What you should do >> Your answer must be the lines from the top of the listing below through the line that holds "Renault Trafic to", retyped exactly, with no pictures.

Material provided >>
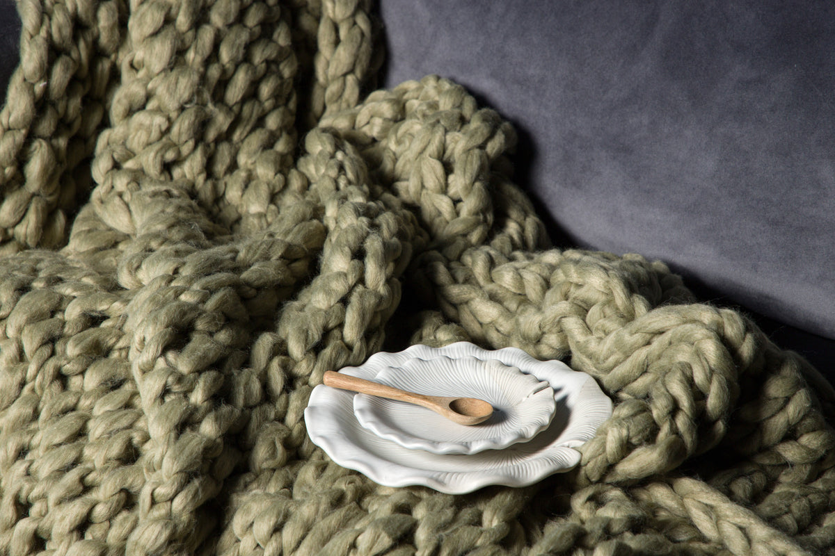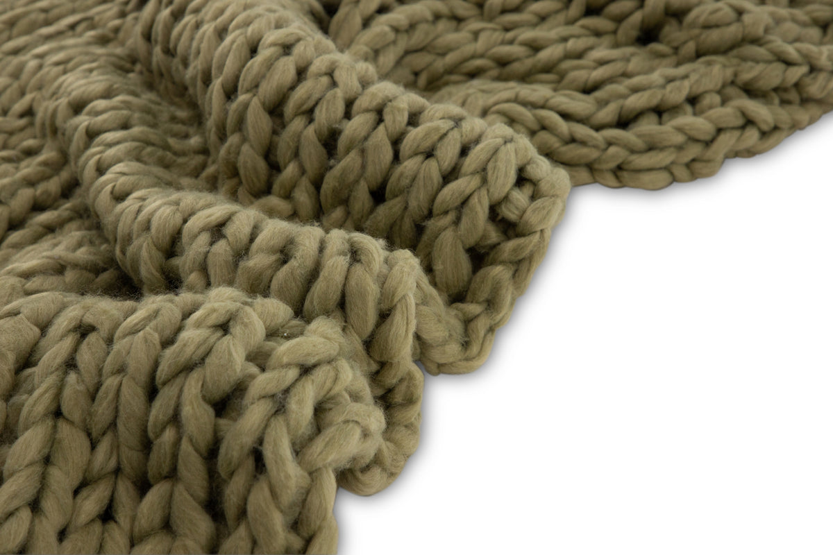 Hygge på hygge med plaiden Kate! Tænk at krybe op i sofaen med en kop te, den bedste serie på tv og et blødt, varmt tæppe over sig. Kate er en strikket plaid med tykt polyestergarn i en jordnær grøn farve, der holder dig varm, samtidig med at det er en rigtig flot indretningsdetalje i hjemmet. Med sine tykke masker og bløde følelse bliver plaiden Kate hurtigt hele familiens favorit. Smid den på sofaen eller i en lænestol for en rigtig indbydende følelse, det er kun fantasien, der sætter grænser!
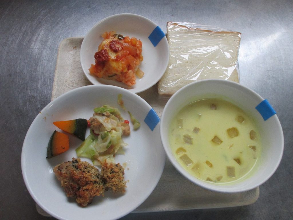 2023年06月01日 給食室(5月30日の給食、おやつ) 給食室 昼食 ・食パン ・鶏肉の香草焼き ・かぼちゃの甘煮 ・ツナサラダ(マヨポン味) ・カレー風味シチュー おやつ ・ライスピザ 『ツナサラダ』の味付けは、 手作りのマヨポンでした。 ポン酢とマヨネーズ、意外とあいます。 『カレー風味シチュー』は、 豆乳を使用しているのですが、 コンソメ、白みそ、カレー粉が入ると、食べやすくなります。 一覧へ戻る
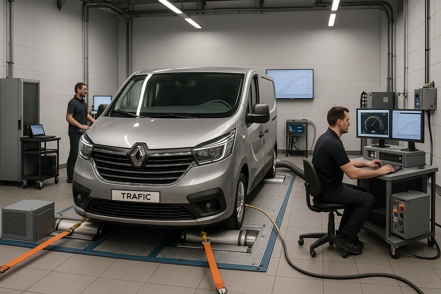Renault Trafic to jeden z najpopularniejszych busów w Europie, więc jego rzetelna diagnostyka jest na wagę złota. Najnowsza generacja (roczniki 2021-2024) korzysta z nowoczesnej, 40-pinowej instalacji elektrycznej. W praktyce oznacza to więcej modułów i czujników niż we wcześniejszej, 24-pinowej wersji (2015-2021). Dzięki temu auto potrafi „wiedzieć o sobie” naprawdę sporo – ale równocześnie sprawia, że testowanie staje się bardziej wymagające. Testy na hamowni będą idealnym rozwiązaniem przed wypuszczeniem samochodu na drogi. Niezbędny w takich przypadkach będzie blokada licznika kilometrów, który sprawi, że pojazd wskaże rzeczywisty przebieg na drogach, a nie kilometry spędzone na hamowni i testach.
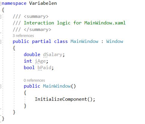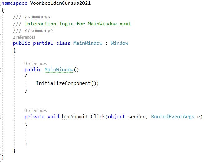 Het niveau van de namespave VoorbeeldenCursus2021 start vanaf het eerste ‘{‘ teken en eindigt met jet laatste ‘}’ teken. In dat niveau zien we een tweede niveau zitten van de partial class MainWindow. Deze start vanaf het tweede ‘{‘ teken en eindigt met het voorlaatste ‘}’ teken.

Exercise output >>
 Hygge på hygge med plaiden Kate! Tænk at krybe op i sofaen med en kop te, den bedste serie på tv og et blødt, varmt tæppe over sig. Kate er en strikket plaid med tykt polyestergarn i en jordnær grøn farve, der holder dig varm, samtidig med at det er en rigtig flot indretningsdetalje i hjemmet. Med sine tykke masker og bløde følelse bliver plaiden Kate hurtigt hele familiens favorit. Smid den på sofaen eller i en lænestol for en rigtig indbydende følelse, det er kun fantasien, der sætter grænser!
 2023年06月01日 給食室(5月30日の給食、おやつ) 給食室 昼食 ・食パン ・鶏肉の香草焼き ・かぼちゃの甘煮 ・ツナサラダ(マヨポン味) ・カレー風味シチュー おやつ ・ライスピザ 『ツナサラダ』の味付けは、 手作りのマヨポンでした。 ポン酢とマヨネーズ、意外とあいます。 『カレー風味シチュー』は、 豆乳を使用しているのですが、 コンソメ、白みそ、カレー粉が入ると、食べやすくなります。 一覧へ戻る
Renault Trafic to jeden z najpopularniejszych busów w Europie, więc jego rzetelna diagnostyka jest na wagę złota. Najnowsza generacja (roczniki 2021-2024) korzysta z nowoczesnej, 40-pinowej instalacji elektrycznej. W praktyce oznacza to więcej modułów i czujników niż we wcześniejszej, 24-pinowej wersji (2015-2021). Dzięki temu auto potrafi „wiedzieć o sobie” naprawdę sporo – ale równocześnie sprawia, że testowanie staje się bardziej wymagające. Testy na hamowni będą idealnym rozwiązaniem przed wypuszczeniem samochodu na drogi. Niezbędny w takich przypadkach będzie blokada licznika kilometrów, który sprawi, że pojazd wskaże rzeczywisty przebieg na drogach, a nie kilometry spędzone na hamowni i testach.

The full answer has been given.